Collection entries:
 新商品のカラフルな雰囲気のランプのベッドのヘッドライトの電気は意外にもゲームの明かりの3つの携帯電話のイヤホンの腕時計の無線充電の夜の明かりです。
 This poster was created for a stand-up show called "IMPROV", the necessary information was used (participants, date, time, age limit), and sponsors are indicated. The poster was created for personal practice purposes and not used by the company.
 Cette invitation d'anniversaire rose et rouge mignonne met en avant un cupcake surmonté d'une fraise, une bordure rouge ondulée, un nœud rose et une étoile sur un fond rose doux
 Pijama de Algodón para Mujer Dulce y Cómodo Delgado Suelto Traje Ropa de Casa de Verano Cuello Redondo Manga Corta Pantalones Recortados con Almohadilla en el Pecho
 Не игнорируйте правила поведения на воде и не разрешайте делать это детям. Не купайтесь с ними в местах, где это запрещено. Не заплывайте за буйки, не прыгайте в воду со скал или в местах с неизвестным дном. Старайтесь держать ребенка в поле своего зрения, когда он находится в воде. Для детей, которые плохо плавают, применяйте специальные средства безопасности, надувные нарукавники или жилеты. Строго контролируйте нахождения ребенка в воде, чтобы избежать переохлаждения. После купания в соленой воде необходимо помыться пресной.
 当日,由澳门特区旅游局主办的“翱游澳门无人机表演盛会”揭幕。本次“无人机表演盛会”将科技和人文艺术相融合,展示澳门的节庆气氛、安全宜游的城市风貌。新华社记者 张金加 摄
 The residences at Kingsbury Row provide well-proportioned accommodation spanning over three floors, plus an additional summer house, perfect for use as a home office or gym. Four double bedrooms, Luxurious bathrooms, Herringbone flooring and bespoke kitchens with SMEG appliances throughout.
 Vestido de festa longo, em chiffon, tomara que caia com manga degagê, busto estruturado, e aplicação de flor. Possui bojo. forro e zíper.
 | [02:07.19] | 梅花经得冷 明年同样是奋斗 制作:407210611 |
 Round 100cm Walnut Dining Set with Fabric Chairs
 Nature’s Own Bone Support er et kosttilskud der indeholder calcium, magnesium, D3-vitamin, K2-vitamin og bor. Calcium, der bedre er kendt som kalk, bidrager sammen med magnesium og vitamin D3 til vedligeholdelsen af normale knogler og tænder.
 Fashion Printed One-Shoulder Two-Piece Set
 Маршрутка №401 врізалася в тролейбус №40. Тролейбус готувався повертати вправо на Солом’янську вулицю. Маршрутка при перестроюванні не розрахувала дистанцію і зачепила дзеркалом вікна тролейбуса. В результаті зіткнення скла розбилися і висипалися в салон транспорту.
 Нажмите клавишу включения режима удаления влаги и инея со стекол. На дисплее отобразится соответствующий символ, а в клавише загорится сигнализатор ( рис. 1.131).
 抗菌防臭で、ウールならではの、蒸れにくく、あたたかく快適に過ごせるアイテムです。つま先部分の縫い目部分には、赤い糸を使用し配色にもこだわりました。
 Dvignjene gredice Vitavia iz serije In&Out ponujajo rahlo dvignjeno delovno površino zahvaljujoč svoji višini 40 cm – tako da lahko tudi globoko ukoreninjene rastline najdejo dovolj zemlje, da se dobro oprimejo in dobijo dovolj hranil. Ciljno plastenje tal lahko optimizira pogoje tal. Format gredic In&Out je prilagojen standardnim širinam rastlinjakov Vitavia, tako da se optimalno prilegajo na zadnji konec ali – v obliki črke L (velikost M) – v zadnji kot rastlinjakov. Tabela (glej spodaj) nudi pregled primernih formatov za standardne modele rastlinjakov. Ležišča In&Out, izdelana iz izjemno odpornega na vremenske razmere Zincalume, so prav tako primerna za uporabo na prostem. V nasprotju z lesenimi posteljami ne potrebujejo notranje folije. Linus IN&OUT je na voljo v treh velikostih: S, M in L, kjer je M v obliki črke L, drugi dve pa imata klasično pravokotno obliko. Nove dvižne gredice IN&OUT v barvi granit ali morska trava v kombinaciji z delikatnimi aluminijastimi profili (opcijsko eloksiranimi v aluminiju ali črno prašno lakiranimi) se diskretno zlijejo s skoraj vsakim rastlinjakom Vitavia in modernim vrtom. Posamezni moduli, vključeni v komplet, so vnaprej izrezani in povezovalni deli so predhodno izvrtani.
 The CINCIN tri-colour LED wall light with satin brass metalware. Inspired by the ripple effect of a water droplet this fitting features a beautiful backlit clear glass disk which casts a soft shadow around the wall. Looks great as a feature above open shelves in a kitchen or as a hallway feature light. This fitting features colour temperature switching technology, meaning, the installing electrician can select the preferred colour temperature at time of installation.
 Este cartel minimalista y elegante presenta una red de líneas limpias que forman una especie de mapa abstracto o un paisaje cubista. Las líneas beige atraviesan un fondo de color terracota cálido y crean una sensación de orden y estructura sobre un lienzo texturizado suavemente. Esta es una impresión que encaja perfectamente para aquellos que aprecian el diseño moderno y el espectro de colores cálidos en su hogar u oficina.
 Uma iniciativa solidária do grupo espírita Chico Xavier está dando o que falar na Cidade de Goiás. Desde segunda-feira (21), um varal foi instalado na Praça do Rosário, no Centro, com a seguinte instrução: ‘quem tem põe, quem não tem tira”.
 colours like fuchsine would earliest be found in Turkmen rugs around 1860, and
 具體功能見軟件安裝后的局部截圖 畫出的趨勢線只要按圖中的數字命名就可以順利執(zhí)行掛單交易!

[Task goal]:
Taking the entries above, write out exactly each line from the one holding "Round 100cm Walnut" to the one holding "Маршрутка №401 врізалася", both included, and stop there.

[Reply]:
 Round 100cm Walnut Dining Set with Fabric Chairs
 Nature’s Own Bone Support er et kosttilskud der indeholder calcium, magnesium, D3-vitamin, K2-vitamin og bor. Calcium, der bedre er kendt som kalk, bidrager sammen med magnesium og vitamin D3 til vedligeholdelsen af normale knogler og tænder.
 Fashion Printed One-Shoulder Two-Piece Set
 Маршрутка №401 врізалася в тролейбус №40. Тролейбус готувався повертати вправо на Солом’янську вулицю. Маршрутка при перестроюванні не розрахувала дистанцію і зачепила дзеркалом вікна тролейбуса. В результаті зіткнення скла розбилися і висипалися в салон транспорту.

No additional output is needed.